Abalone Sustainability and Profitability — Sex Classification and Weights Prediction from Physical Measurements via on R

Application of Multivariate Analysis and Classification on R. Forecasting profitability and enhancing sustainability through the weights and gender prediction by inspecting its physical size.

Hshan.T
The Startup
12 min readFeb 27, 2021

--

Abalone diver, Tasmania. Photo: Stuart Gibson

Intro

Abalone is a type of marine snail with high nutrition values and economic values, almost whole abalone, including viscera and shell can be processed and serving as sources of income for fishing industry.
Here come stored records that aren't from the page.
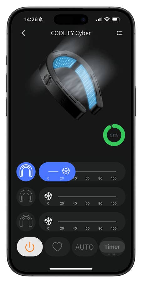 According to the manufacturer, the Coolify Cyber can run for up to 15 hours. The neck air conditioner accepts a 20W charge and can be used while recharging.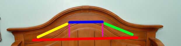En la parte posterior de la cama, utilice una cinta métrica y medir las líneas coloreadas en la imagen. Luego corte el tablero a la longitud de la línea roja. Cortar la otra tabla con la longitud de las líneas amarillo + azul + verdes. Medir y cortar dos varillas de la púrpura y taladre orificios de tamaño en el tablero de "rojo" y "tablero amarillo/azul/verde" correspondientes.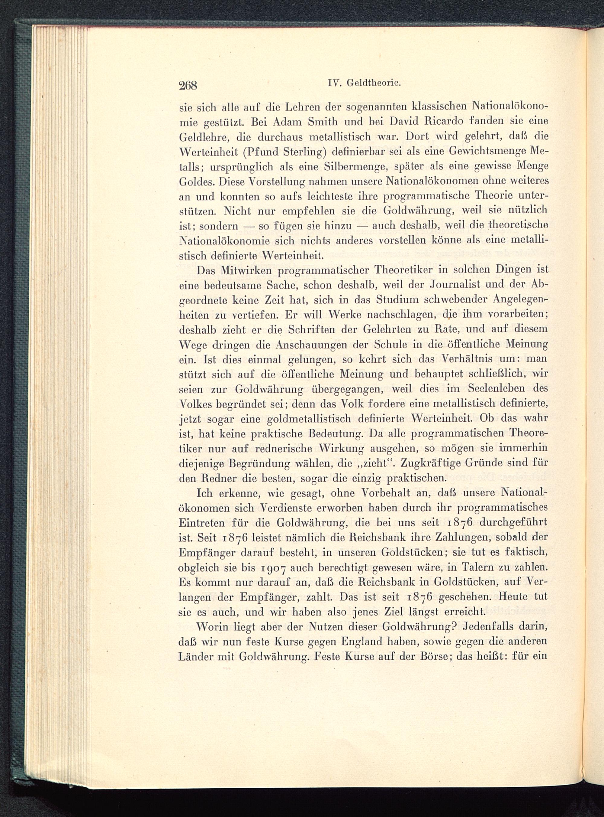 sie sich alle auf die Lehren der sogenannten klassischen Nationalökono-mie gestützt. Bei Adam Smith und bei David Ricardo fanden sie eineGeldlehre, die durchaus metallistisch war. Dort wird gelehrt, daß dieWerteinheit (Pfund Sterling) definierbar sei als eine Gewichtsmenge Me-talls; ursprünglich als eine Silbermenge, später als eine gewisse MengeGoldes. Diese Vorstellung nahmen unsere Nationalökonomen ohne weiteresan und konnten so aufs leichteste ihre programmatische Theorie unter-stützen. Nicht nur empfehlen sie die Goldwährung, weil sie nützlichist; sondern — so fügen sie hinzu — auch deshalb, weil die theoretischeNationalökonomie sich nichts anderes vorstellen könne als eine melalli-slisch definierte Werteinheit.

High market demand for abalones has led to overexploitation, raising public’s concerns on environmental issues. Governments enforce strict law and regulations on abalones harvesting to ensure sustainability of abalones. Analyzing data to find relationship between multiples variables in data collected to aid innovation ideas in designing equipment as solution to both the profitability and sustainability through instant result provided underwater.

Exploratory Analysis

Dataset adopted here is modified data from research on population biology of abalones (1994), retrieving from UCI Machine Learning Respiratory. There are 4177 records, 9 variables and no missing value. Information on variables is as follow:

Table 1: Variables information.

R code:

In the dataset, abalones are classified into three categories, F-female, M-male and I-Infant, such that “I” is prohibiting to be harvested to ensure sustainability of abalones population, while “F” and “M” bring has different economic values depending on the market trend. Descriptive statistics summary for numerical variables is presented below in Table 2 to give us the rough idea how the data look like.

R code:

Table 2: Statistics Summary for Numerical Variables.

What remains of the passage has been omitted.